子どもオンブズ・コラム平成27年1月号 「自分のペースで、すこしずつ」
ページ番号1001702 更新日 平成30年3月8日 印刷
「自分のペースで、すこしずつ」(船越相談員)

わたしはスポーツを見ることが好きです。中でもフィギュアスケートは、2006年のトリノオリンピックからずっと見つづけている、大好きなスポーツのひとつです。運動オンチのわたしからすると、氷の上で「すべれる」だけでもすごい!と思うのに(わたしは「歩く」のがせいいっぱいです……)、それがくるくる回ったり、跳んだりするものだから、はじめて見たときに感動して、ぐーっとひきつけられました。ルールで制限がある中でも、選手たちはそれぞれの個性を出していて、とてもうつくしくて、楽しくて、ほんとうに「きらきらした世界」で、あこがれたのをよく覚えています。

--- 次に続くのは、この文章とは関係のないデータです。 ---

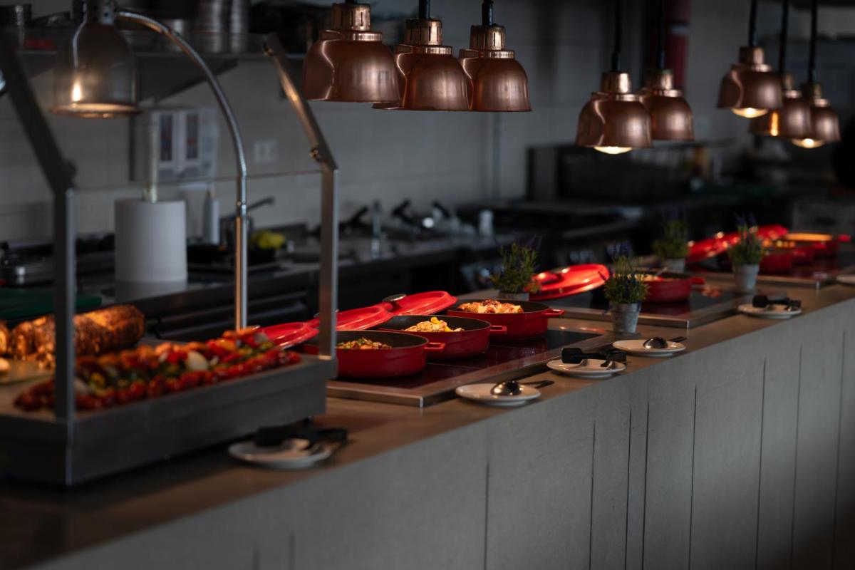 Die Restaurants bieten authentische kretische Küche und innovative mediterrane Gerichte, oft mit der Option, im Freien mit Meerblick zu speisen, was eine romantische und unvergessliche Kulisse schafft.
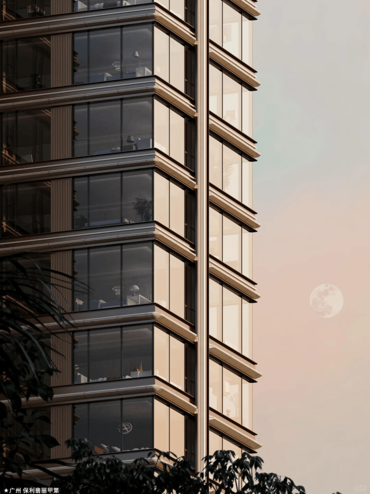 在建筑造型上,融合岭南骑楼形态与曼哈顿第五大道520号的细节设计灵感,勾勒出典雅大气的三江环幕地标。塔顶设计致敬经典的白天鹅酒店,以 45° 倒三角形状构建出极具辨识度的“城市天际线符号” 。首层抬高约14米,缔造低层私密化体验,并以90%窗墙比、超270°景观视野,实现对稀缺珠江生态资源的独家收藏。
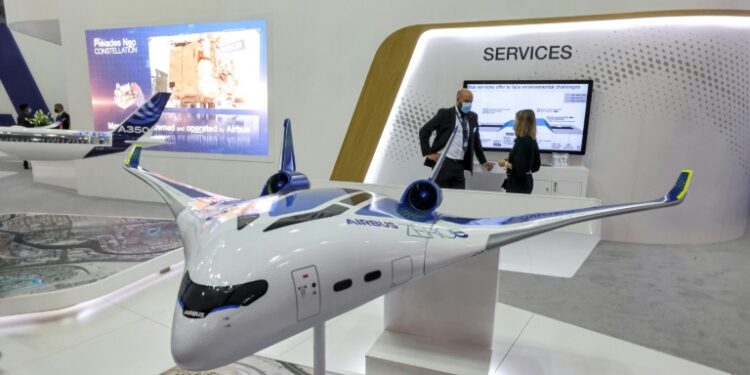 A model of an Airbus hybrid-hydrogen concept plane from 2021. ©AFP
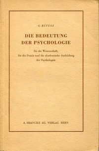 Révész, Géza: Die Bedeutung der Psychologie für die Wissenschaft, für die Praxis und die akademische Ausbildung der Psychologen. Bern: Francke 1947. 8°. 87 S., broschiert (Einband angebräunt und wenig abgegriffen; sonst gut erhalten)
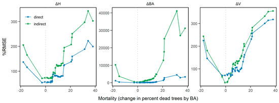 To observe the impact of tree mortality on the model predictions, we analyzed how the RMSE% changes with different levels of stand-level mortality. To do that, we developed indirect and direct models for ∆H, ∆BA, and ∆V iteratively, using a subset of plots for each iteration. The number of plots increased at each iteration, and by ordering the plots by the level of mortality, the accuracy of each model could be related to the level of plot mortality. At each iteration, predictions and RMSEs were generated from the separate T1 and T2 models (indirect approach) and from a single model for the direct approach.
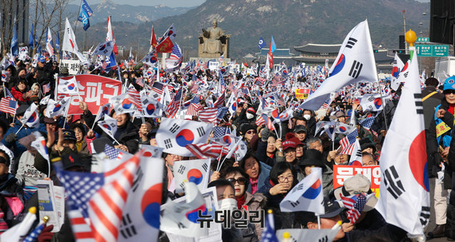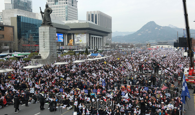 [포토] 2019 마지막 주말, 태극기 물결 가득한 광화문광장
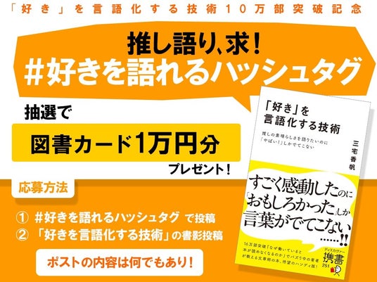 株式会社ディスカヴァー・トゥエンティワン(本社:東京都千代田区、代表取締役兼社長執行役員:谷口奈緒美)刊行の、三宅香帆氏による書籍『「好き」を言語化する技術』が10万部を突破したことを記念し、
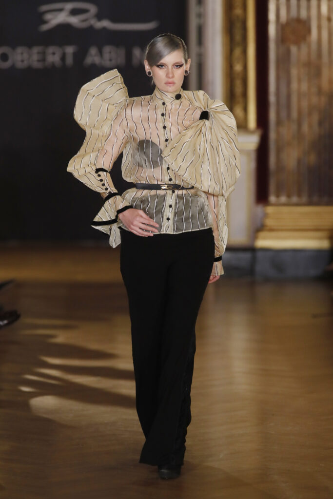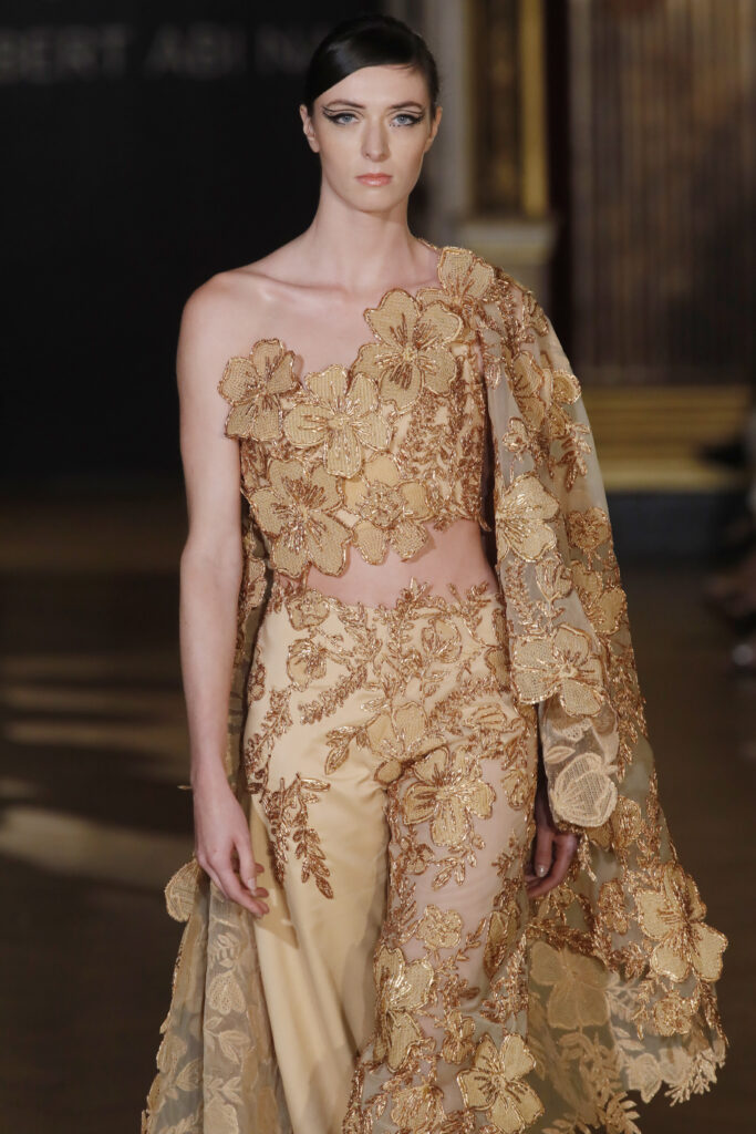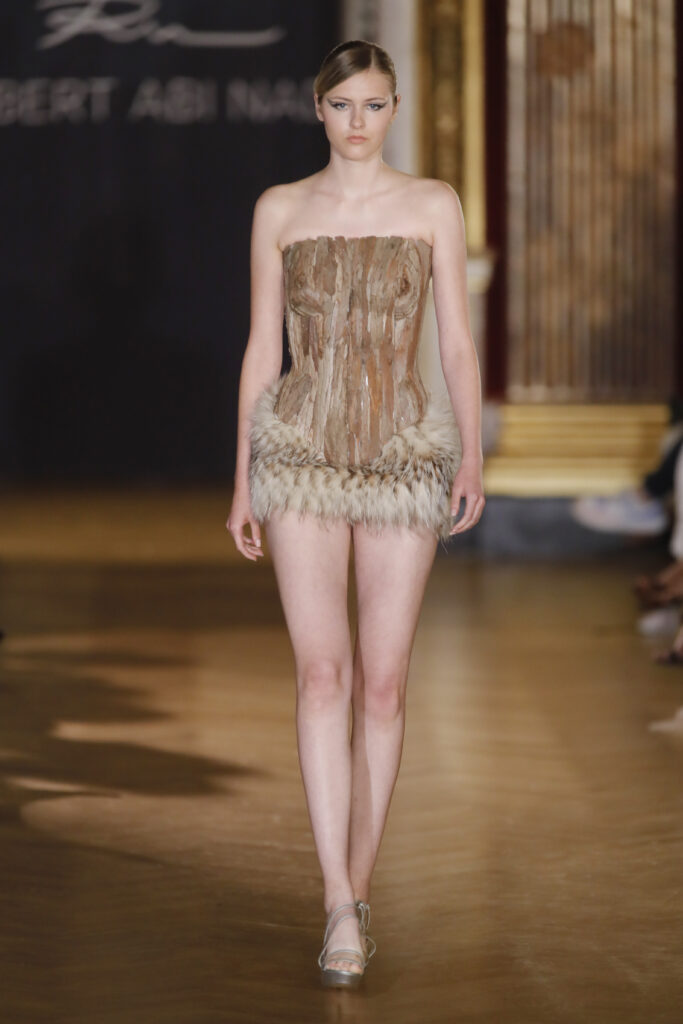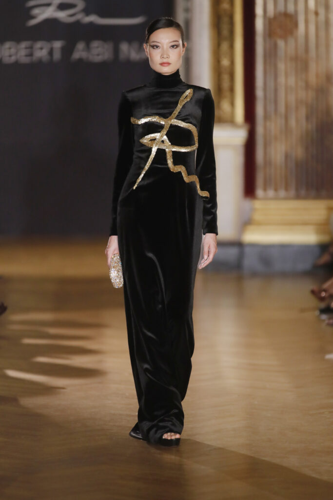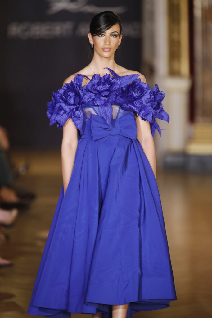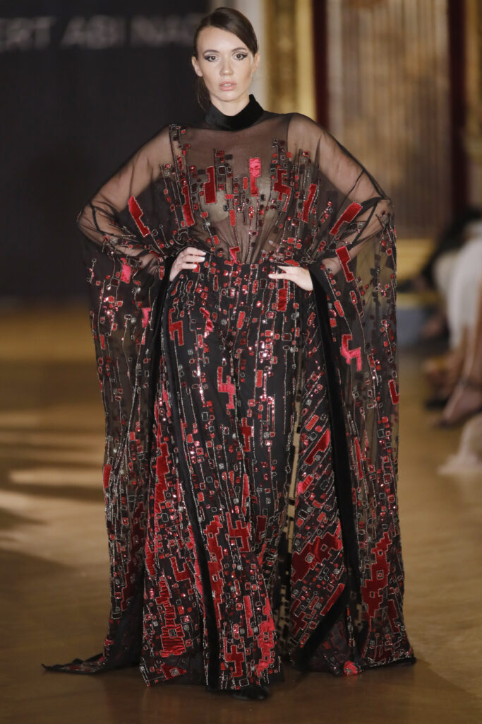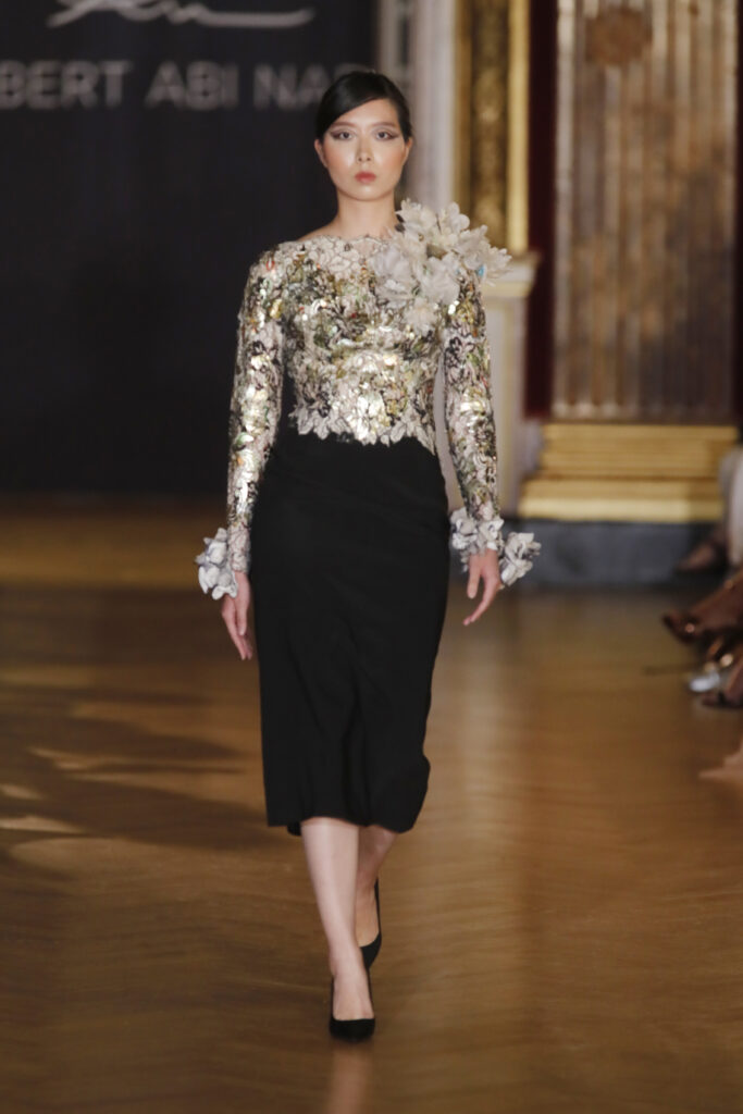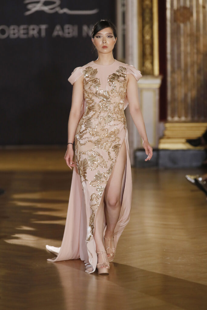 Les créations de Robert Abi Nader sont conçues pour représenter une femme à la fois délicate et forte, séduisante et élégante. Ses modèles ajustés au corps mettent en avant la féminité tout en évitant les coupes amples, préservant ainsi l’identité de chaque silhouette grâce à des tissus à la fois délicats et audacieux.

けれどこれほど好きなのに、フィギュアスケートは、そしてその選手たちは、もうずいぶん長く、わたしにとって、あこがれてはいるけれど現実ではない、とても遠い世界にある存在でした。なんだか才能にあふれた、特別なひとたちで、わたしとはまったく違う人間のように感じていたのです。けれどある時、応援しているある選手のインタビュー記事で、「やるべきことをやって、一生けんめい努力もしているのに、前に進めない」ということばを見て、ああ、これはとてもわかるな、と思ったのです。
がんばっている。ひとより……と言えるかどうかはわからないけど、とにかく自分なりのせいいっぱいは、尽くしている。でも、うまくいかない。やり方が間違っているのかもしれない。でも、いろいろ試したり、アドバイスをもらっても、どうしてもうまくいかない。ちっとも前に進めない。もういっそ、わたしじゃなくてあのひとだったらうまくいくのに、なんて、どうしようもないことを考えたりする。だけどこれはわたし自身の問題だから、わたしがなんとかするしかない。それはとてもよくわかっている。わかっているけれど、わかっているからこそ、がんばってもうまくいかないことが、すごく、苦しい。
わたしはちっとも要領がよくないし、どちらかというと不器用なほうなので、こんな迷路に迷いこんでしまうことが、とてもよくあります。そんなときは、がんばること自体が無意味に思えてしまったり、自分ってほんとにダメだな、と思ってしまったり、放っておくと、どんどん沈んでしまうのです。
でも、あんなに遠く、きらきらして、才能にあふれているように見えた選手たちも、わたしと同じようにうまくいかなくて悩んだり、落ち込んだりすることもある。そんな中で、がんばっている。だったら、わたしだって、そんなにダメじゃないのかも。もうすこし、やれるのかもしれない。先ほどの選手のことばを知って、そんなふうに思うようになりました。
そして、(あんまり自信はないから、小さな心の声で)ひょっとして……とも、思うのです。ひょっとして、わたしのがんばりも、わたしの知らないところで、だれかの支えになっているのかも。だったら、うまくいかなかったがんばりも、無駄じゃなかったのかも、と。
そんなふうに思えるようになってから、すこし力が抜けて、うまくいかないときにはえいや!と思い切って、どっぷりお休みするようになりました。好きな映画をみたり、趣味のものづくりをしたり、うーんと寝たり。うまくいかないときは、そんなふうにお休みすることをいけないことだと思ってしまったり、焦ったりしてしまうこともあるけれど、でも、お休みだってとても大切です。すこしずつためていった「楽しい」や「うれしい」は、新しいなにかにつながっているかもしれない。ゆっくりお休みして、こころにゆとりができると、そこにあった、でも今まで気づかなかったなにかを大切だと思えるようになるかもしれない。そんな可能性がたくさんある時間なのです。
がんばってもうまくいかないことは、この先もきっとたくさんある。でも、がんばったことって、無駄じゃない。もしかすると、あなたの知らないうちに、だれかがあなたのがんばりにはげまされたり、支えられたりしているかもしれない。そんなふうに考えて、自分のペースですこしずつ、たくさんの「楽しい」や「うれしい」を拾いながら歩くのも、悪くないんじゃないかな、と思うのです。